In summation, the experimental results unequivocally position the BRKGALS as a preeminent algorithm for the MDP, in terms of solution quality. Its impressive ability to generate solutions proximate to the optimal ones validates the practical applicability of the hybrid approach that combines the BRKGA with local search.

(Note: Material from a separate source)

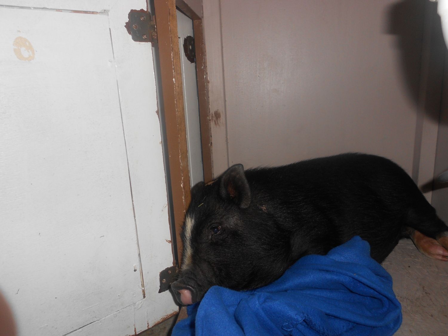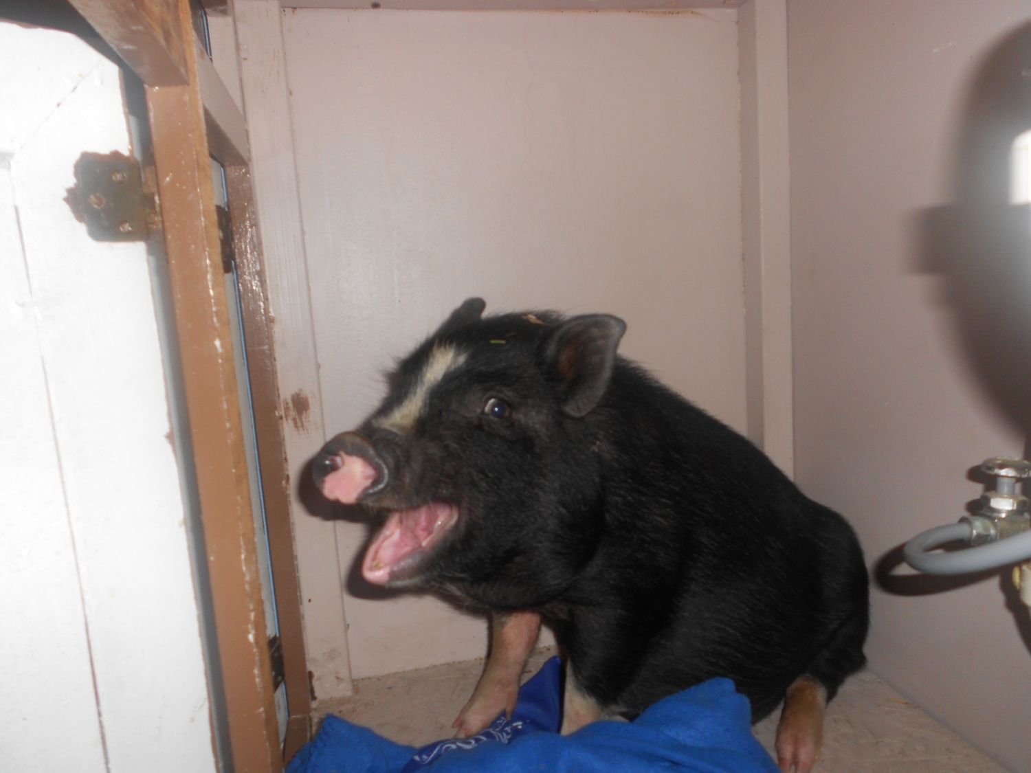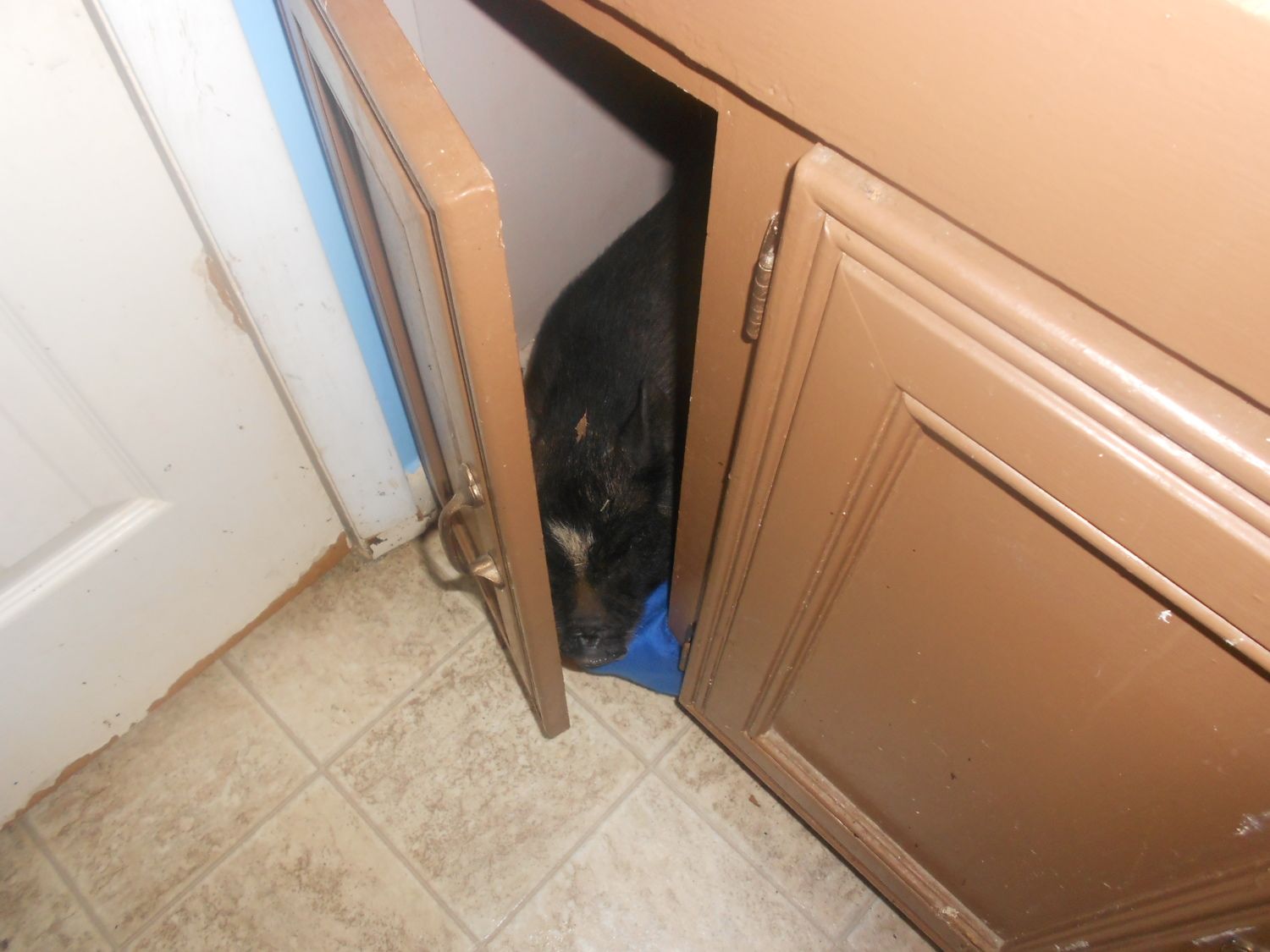 Oh my gosh! That is the best pig picture ever! She looks like she is laughing at you.Thank you I have been talking with my vet and since I have kept her confined the amount of blood in the urine has decreased dramatically we are just going to watch and monitor her at home. We both agreed that trying to get her to the vet would stress her out bad. I think she has picked a nesting spot. yesterday we had my daughters first birthday party. I cam home and she had pulled everything out from under my sink. She then realized she could by-pass the baby gate by going under the sink. She has now got her blanket and pillow under my sink and doesn't seem to want to leave. I don't know if this is a night time bed or a nest. Here are some pics I got of her.Peek-a-boo

Additionally, our findings suggest several exciting prospects for future research, including exploration of parameter tuning techniques, code optimization, and investigating the integration of local search solutions into the BRKGA metaheuristic.

While our study utilized randomly generated datasets from MDPLib, the potential application of the BRKGALS in real-world scenarios is a promising avenue for further investigation. Note that evaluating its performance against techniques other than the BRKGA could offer a broader understanding of its effectiveness in resolving the MDP.

In conclusion, the BRKGALS emerges as a potent and efficacious algorithm, with which to tackle the maximum diversity problem’s challenges, and its exceptional performance paves the way for new advancements in this research domain.